### Data
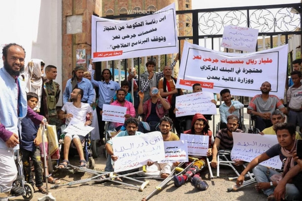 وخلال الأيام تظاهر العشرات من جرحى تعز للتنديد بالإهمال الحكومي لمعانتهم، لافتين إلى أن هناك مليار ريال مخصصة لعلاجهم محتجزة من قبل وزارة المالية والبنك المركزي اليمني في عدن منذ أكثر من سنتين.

--

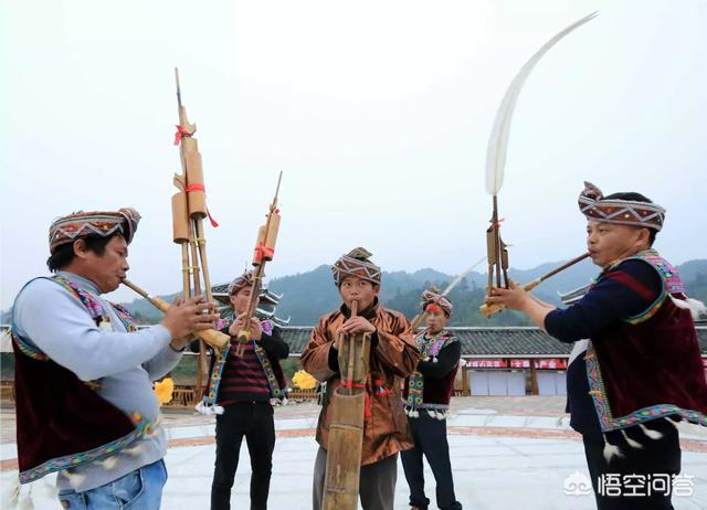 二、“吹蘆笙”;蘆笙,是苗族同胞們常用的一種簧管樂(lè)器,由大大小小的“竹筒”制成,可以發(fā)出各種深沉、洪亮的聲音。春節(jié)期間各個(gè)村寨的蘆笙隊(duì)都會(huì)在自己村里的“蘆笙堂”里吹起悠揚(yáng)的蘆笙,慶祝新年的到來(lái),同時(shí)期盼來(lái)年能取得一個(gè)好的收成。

---

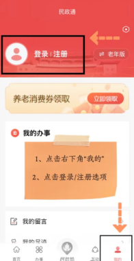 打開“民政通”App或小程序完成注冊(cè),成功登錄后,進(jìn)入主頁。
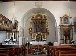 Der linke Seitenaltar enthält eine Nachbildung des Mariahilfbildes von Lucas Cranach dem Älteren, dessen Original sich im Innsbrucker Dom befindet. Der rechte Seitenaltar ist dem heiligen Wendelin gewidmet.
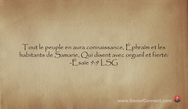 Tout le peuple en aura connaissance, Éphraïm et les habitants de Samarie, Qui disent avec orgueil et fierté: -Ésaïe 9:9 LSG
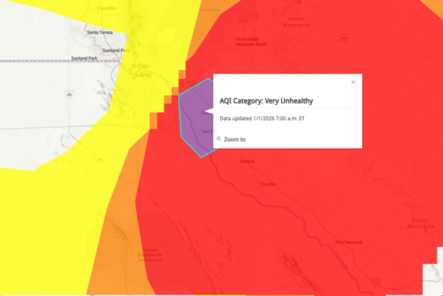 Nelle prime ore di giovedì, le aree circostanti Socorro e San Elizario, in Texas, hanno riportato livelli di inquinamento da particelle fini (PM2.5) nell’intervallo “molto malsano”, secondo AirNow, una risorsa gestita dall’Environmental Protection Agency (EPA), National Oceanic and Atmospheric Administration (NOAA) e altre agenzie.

### Your objective
Text only, no pictures: please print exactly the lines above from the line with "Der linke Seitenaltar" up to and including the line with "Nelle prime ore", and nothing else.

### Reply to the exercise
 Der linke Seitenaltar enthält eine Nachbildung des Mariahilfbildes von Lucas Cranach dem Älteren, dessen Original sich im Innsbrucker Dom befindet. Der rechte Seitenaltar ist dem heiligen Wendelin gewidmet.
 Tout le peuple en aura connaissance, Éphraïm et les habitants de Samarie, Qui disent avec orgueil et fierté: -Ésaïe 9:9 LSG
 Nelle prime ore di giovedì, le aree circostanti Socorro e San Elizario, in Texas, hanno riportato livelli di inquinamento da particelle fini (PM2.5) nell’intervallo “molto malsano”, secondo AirNow, una risorsa gestita dall’Environmental Protection Agency (EPA), National Oceanic and Atmospheric Administration (NOAA) e altre agenzie.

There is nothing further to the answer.